In this second installment of the Industry Insights cybersecurity roundtable, contributors examined how zero trust principles are being adapted for production and playout environments, where legacy devices, real-time constraints and complex workflows limit the use of traditional IT security models.

The discussion explores how broadcasters are balancing access and protection across remote and hybrid teams, managing vendor credentials and third-party integrations, and enforcing least-privilege access without adding friction. Participants also address the role of orchestration, centralized identity management, and security culture in making cybersecurity practical for both technical and creative teams operating under constant time pressure.

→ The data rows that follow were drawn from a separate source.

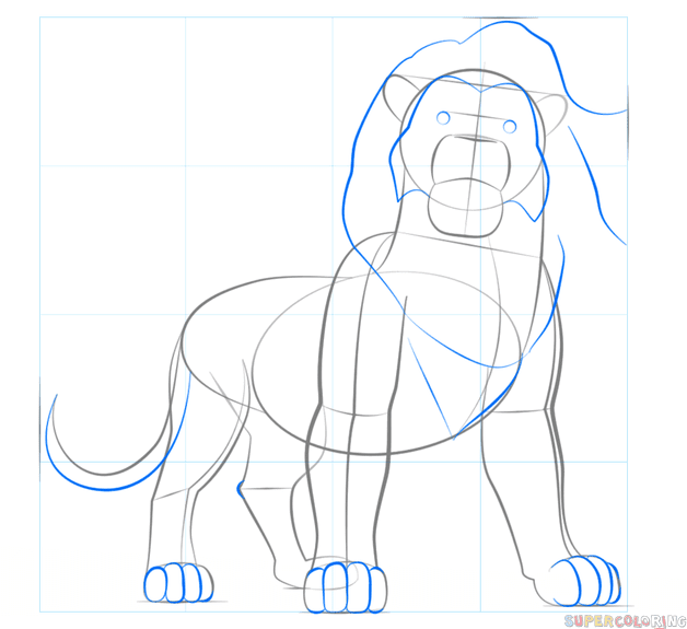 Теперь, когда лицо льва готово, нарисуйте гриву, а затем ноги.
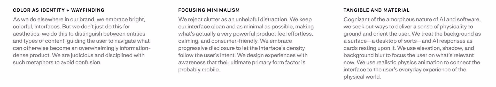 Clearly branding the AIs in distinctive, branded cards had a secondary effect: it let us make everything else more background, including "us" (our own AI voice).
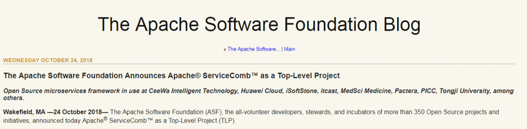 2018年10月,马萨诸塞州,韦克菲尔德 – 完全由志愿开发者组成、管理,旗下孵化器拥有超过350个开源项目的 Apache软件基金会(ASF),今天宣布Apache ServiceComb为顶级项目(TLP)。
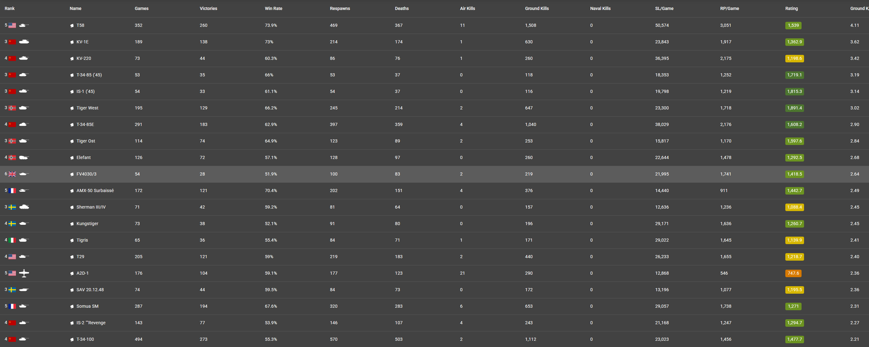 Suprise was T58 where you have like 4.1 K/D and actually a lot of games compared to others… but i guess abusing the busted vehicle of the time is what you do… but T29, T29E5, T34 those are the evil ones that needs to go up because your Surbaissé failed to pen it… sure…
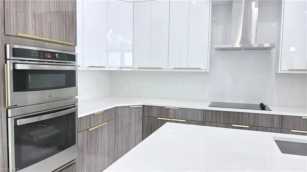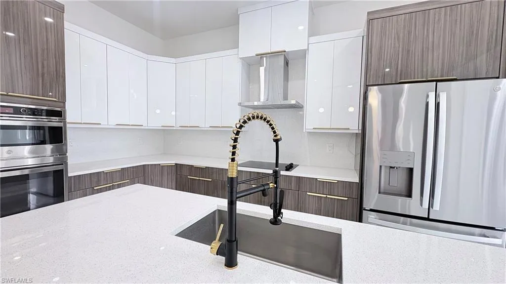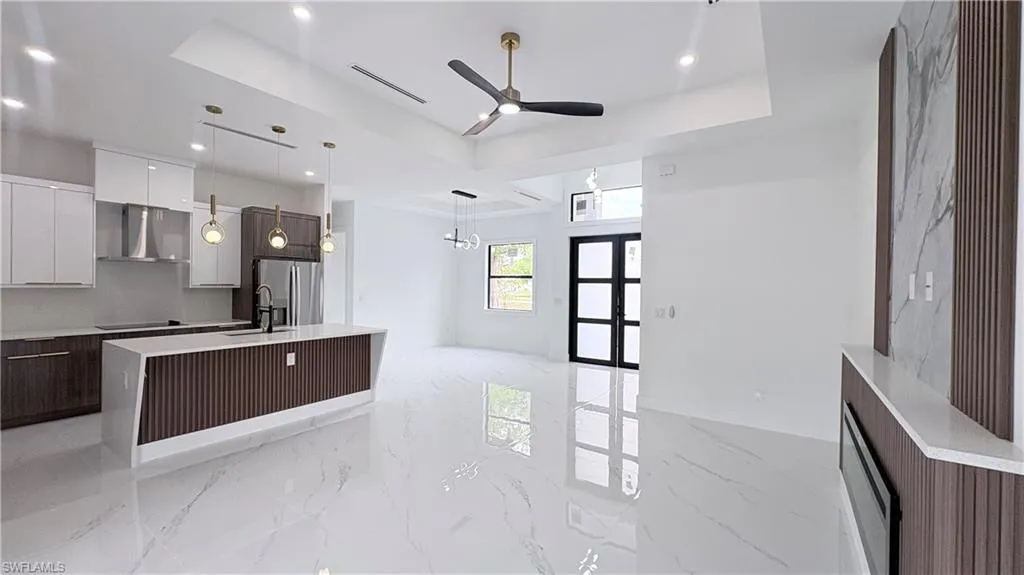 This 2026 New Construction Home sits proudly on a 2.27-acres oversized lot, offering the perfect blend of space, elegance, and functionality. From the striking metal impact double entry doors to the paver driveway and walkway, every detail is crafted to impress. Modern light fixtures, ceiling fans in every room, and a sleek contemporary fireplace. The gourmet kitchen features a white quartz waterfall island, 42” wood cabinets with crown and light molding, stainless steel appliances, a cooktop, dual microwave/oven, and a stylish hood. A fully equipped outdoor kitchen extends the living space—perfect for Florida entertaining. High-end finishes shine throughout: 24×48 porcelain tile flooring, 10’ ceilings, 8’ interior doors. The luxurious master suite includes a spacious two walk-in closet, a glass-enclosed shower, and a rainfall, waterfall, and massage jet system. Additional features include impact windows and doors, an advanced A/C system with individual room returns, and a full sprinkler system.
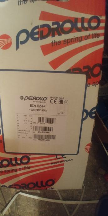 Muljna pumpa Pedrolo 0.75kw 220V 600L/min visina bacanja 11m 2 cola izlaz.

Key takeaways from this Industry Insights roundtable

  • Zero trust adapts: Broadcasters are tailoring zero trust principles to verify device behavior and traffic patterns rather than relying solely on user-based authentication.
  • Access without friction: Least-privilege access and continuous verification helped secure remote teams without slowing live production workflows.
  • Vendor risk persists: Third-party access, credentials and integrations remained a frequent source of exposure requiring tighter controls and monitoring.
  • Orchestration matters: Centralized orchestration and allow-list approaches improved control over who and what could access production systems.
  • Culture is critical: Effective cybersecurity depended as much on awareness and shared responsibility as on technical controls.

Jamie Horner, SVP, corporate strategy, Providius: Zero trust plays a role in production and playout systems, but it must be adapted to environments where many devices can’t support modern authentication or endpoint controls. Instead of user identity, the focus becomes continuous verification of device behavior, configuration, and traffic patterns to ensure equipment is operating as expected. This approach delivers zero trust outcomes without disrupting the real-time, timing-sensitive workflows these systems depend on.

Max Eisendrath, CEO and founder, Redflag AI: A zero trust model ensures that every encoder, user, and process must authenticate before content leaves the origin. By integrating session-level fingerprinting, Redflag enforces identity verification at the pixel and packet level.